───── RECORDED DATA
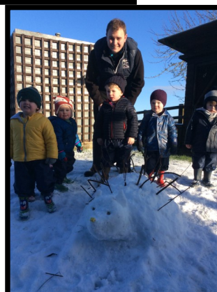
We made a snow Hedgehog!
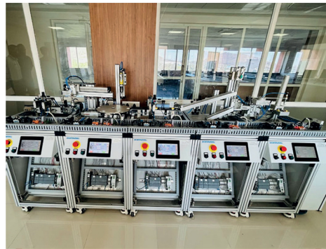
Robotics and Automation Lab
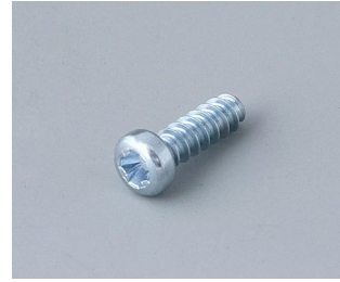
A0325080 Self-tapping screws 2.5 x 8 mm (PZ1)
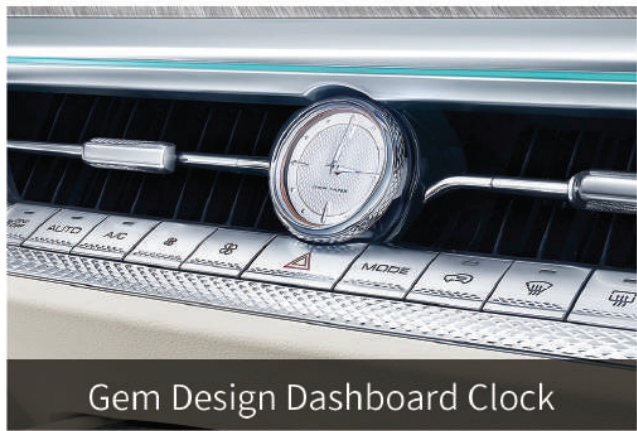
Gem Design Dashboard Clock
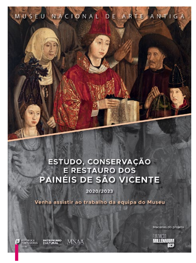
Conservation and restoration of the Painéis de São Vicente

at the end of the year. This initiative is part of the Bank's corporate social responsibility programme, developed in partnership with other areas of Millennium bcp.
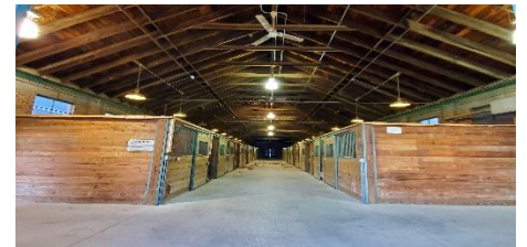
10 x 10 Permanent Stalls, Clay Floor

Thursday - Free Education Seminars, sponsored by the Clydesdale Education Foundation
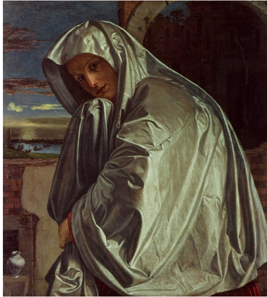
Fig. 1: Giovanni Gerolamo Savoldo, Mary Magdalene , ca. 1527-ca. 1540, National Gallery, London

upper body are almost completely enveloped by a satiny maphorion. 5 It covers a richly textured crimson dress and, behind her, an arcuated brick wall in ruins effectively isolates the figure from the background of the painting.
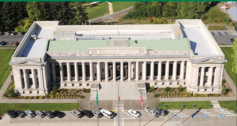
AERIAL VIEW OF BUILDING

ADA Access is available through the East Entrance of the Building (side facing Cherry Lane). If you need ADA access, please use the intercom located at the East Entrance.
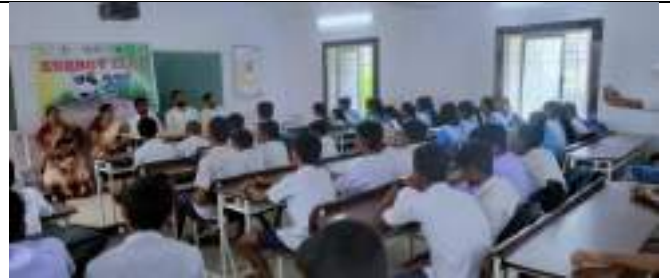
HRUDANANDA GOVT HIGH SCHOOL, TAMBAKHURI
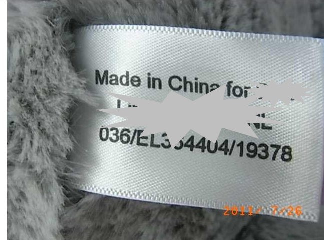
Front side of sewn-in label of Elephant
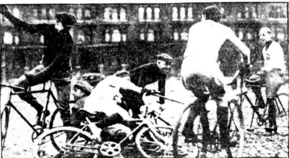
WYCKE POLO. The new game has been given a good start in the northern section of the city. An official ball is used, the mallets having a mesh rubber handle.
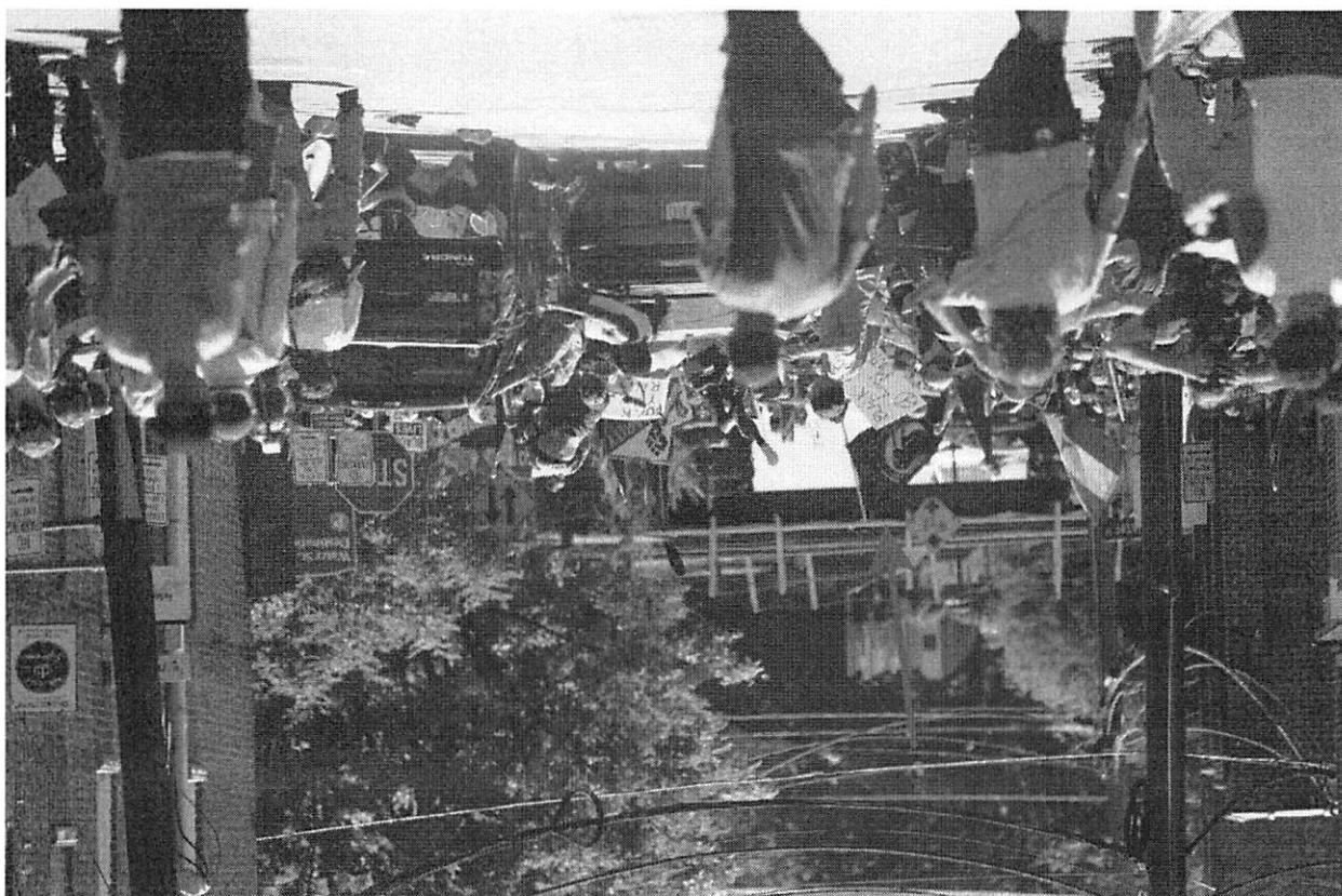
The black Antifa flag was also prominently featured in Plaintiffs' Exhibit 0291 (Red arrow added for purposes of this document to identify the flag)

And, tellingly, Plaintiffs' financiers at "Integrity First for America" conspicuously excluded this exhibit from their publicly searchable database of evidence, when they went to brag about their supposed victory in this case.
──────────
* [TASK PROMPT]
Print the entries as they stand, first line through the line holding "Thursday - Free", with every picture removed.

* [RESULT]
We made a snow Hedgehog!
Robotics and Automation Lab
A0325080 Self-tapping screws 2.5 x 8 mm (PZ1)
Gem Design Dashboard Clock
Conservation and restoration of the Painéis de São Vicente

at the end of the year. This initiative is part of the Bank's corporate social responsibility programme, developed in partnership with other areas of Millennium bcp.
10 x 10 Permanent Stalls, Clay Floor

Thursday - Free Education Seminars, sponsored by the Clydesdale Education Foundation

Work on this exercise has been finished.